The Organization Is the Bottleneck

Everyone is adopting AI coding tools. Engineers are writing code faster than ever. But are organizations actually delivering value faster? That’s not obvious.

I wrote Enabling Microservice Success with a big focus on engineering enablement, guardrails, automated testing, active ownership, and light touch governance. I didn’t know AI coding agents were coming, but it turns out that the practices that make microservices work long-term are exactly the foundations you need to make AI coding agents work too. If your organization is adopting these tools—and the evidence suggests we all are—the book covers how to build these foundations in detail.

I’m hearing very different experiences from different organizations, and what seems to make the difference is the level of maturity that the software engineering organization has. As the latest DORA report puts it, “AI’s primary role in software development is to amplify. It magnifies the strengths of high-performing organizations and the dysfunctions of struggling ones.”

A decade ago, I started building microservices at the Financial Times. It didn’t take long to realize that success wasn’t about the technology choices. Success was about getting the cultural and organizational setup right, because that’s what allows teams the autonomy to move fast. There’s no benefit to adopting microservices if your organization can only release code once a week: You’re paying the cost of a more complicated operational architecture but not benefiting from being able to ship changes frequently and with a high degree of confidence they won’t break something in some other part of your system.

The pattern with AI coding agents is strikingly similar. If you don’t have automated tests, or documentation, or CI/CD pipelines that support progressive delivery, you won’t succeed with microservices—and you won’t succeed with AI coding agents either. The organizations reporting the best results are the ones that already invested in the foundations.
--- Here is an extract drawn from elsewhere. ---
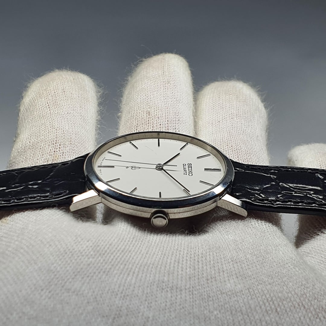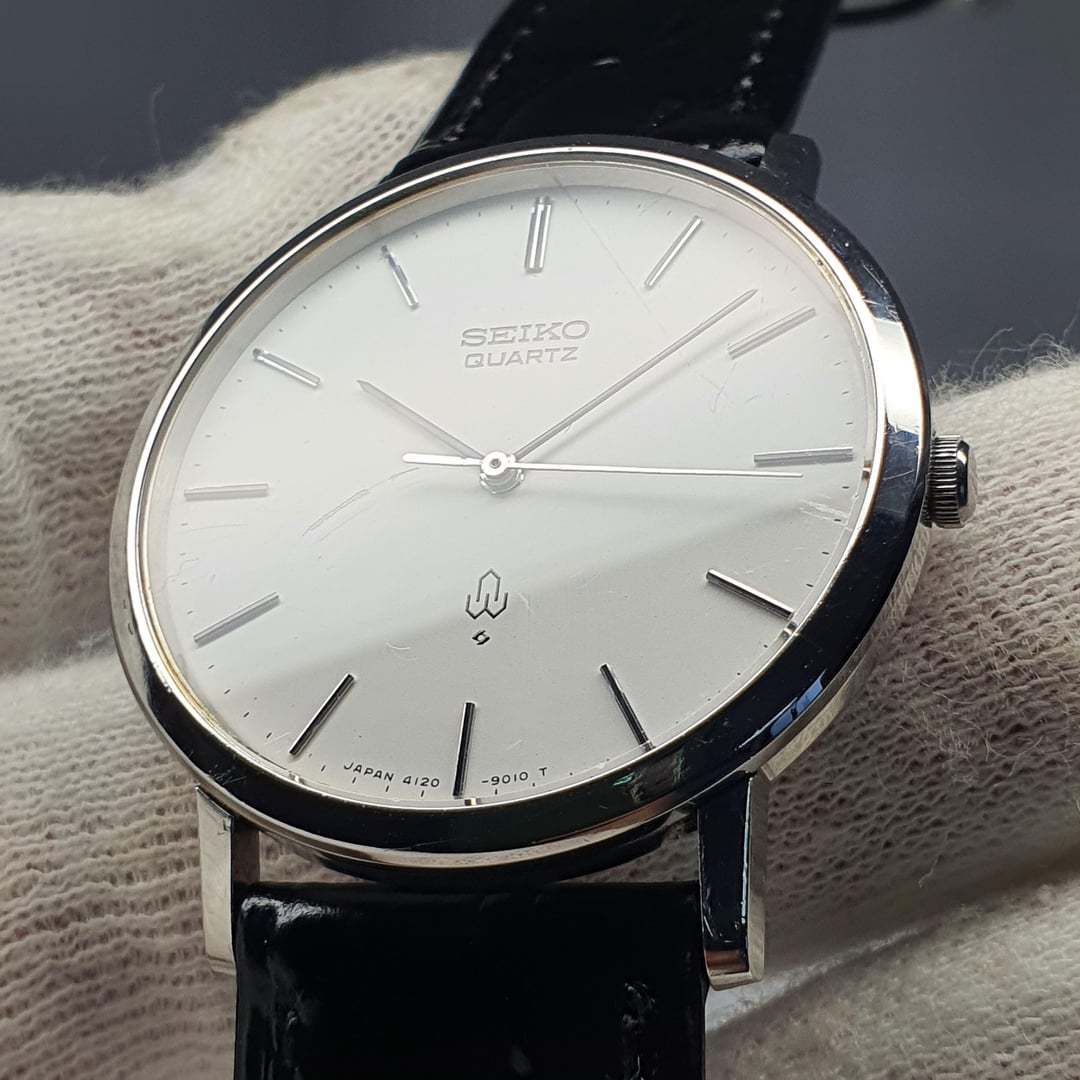 For sale is this vintage Seiko "Chariot" (4120-9010), made in Japan in October 1976. The "Chariot" dress watch series by Seiko is known for it's thinness, elegant design and high-quality quartz movements. This example, reference number CNC020, is absolutely stunning with its looks through simplicity. The dial is a creamy white that has an unexplainable depth akin to enamel which contrasts nicely to the black pencil hands for legibility. The seconds hand is a matte silver to differentiate between the seconds hand minutes hands. The stick baton hands are high-polish on the sides and have a black centre for attention to detail and legibility. The Seiko logo, single-crystal quartz symbol, Suwa swirl symbol and text at the bottom of the dial are in black. The Suwa swirl logo indicates that the watch was designed and manufactured by the Suwa factory during their fierce rivalry with the Daini factory. The case is in fantastic shape with all the sheen from the factory polish still mostly intact. I think there is something respectable about getting the simple design of this fundamental wrist watch shape so right. It all comes down to the small details in the angles, bevels and the proportions. There's a very fine line between a boring design and an elegant design that this watch manages to stay firmly on the correct side of. The calibre 4120 movement was, at the time of its release in 1974, used by Seiko to brag about creating "The World's Thinnest Quartz Watch" in advertisements. It was also the first quartz movement that was possible to produce in volumes. The watch is in great shape considering it is almost 50 years old. As mentioned above, the case is in fantastic shape, the dial is spotless although the crystal has some light scratches. Comes on a brand-new soft and supple leather strap. Dimensions are: 34mm x 39mm x 7.9mm Lug Width 18mm Looking for $160 net (buyer pays Paypal fee) International Tracked Shipping $10 Bought in Japan. More pics: [https://flic.kr/s/aHBqjCpqrm](https://flic.kr/s/aHBqjCpqrm) \*Returns accepted but all return postage costs are the buyer's responsibility in all circumstances

Here are some of the specific parallels.

Guardrails matter. When we moved to microservices, we learned quickly that you can’t just tell teams to “do the right thing” and hope for the best. You have to build paved roads and guardrails that help people to do the right thing automatically, so that autonomy doesn’t become chaos. AI coding agents need exactly the same approach. An agent with access to your codebase and no constraints is an autonomous team with no guardrails: it will move fast, but not necessarily in the right direction. If you’ve already built those guardrails for your teams—coding standards enforced in CI, architectural decision records, templates for new services—you have a serious head start because those same artifacts become the constraints that keep agents on track.

Your deployment pipeline is your best safety net. Automated tests, progressive rollouts, zero-downtime deploys—these are the practices that catch mistakes before they reach production, whether the code was written by a human or by an AI. Observability matters here too: You wouldn’t run a microservice without logs, metrics, and traces, so why would you merge code you didn’t write yourself without the ability to understand what changed and why? And independent deployability gives you independent reversibility—when an AI agent makes a bad change to one service, you can roll it back without unwinding six other things. If we’re shipping code three times as fast with the help of AI agents, all of this becomes even more important.

Engineering enablement is how you scale. Your platform team’s templates, libraries, and golden paths don’t just help developers: they become the constraints and context that make AI agents effective across your organization. The organizations that already invested in enablement are the ones finding it easiest to adopt AI coding tools. The ones that didn’t are finding that AI just amplifies the mess.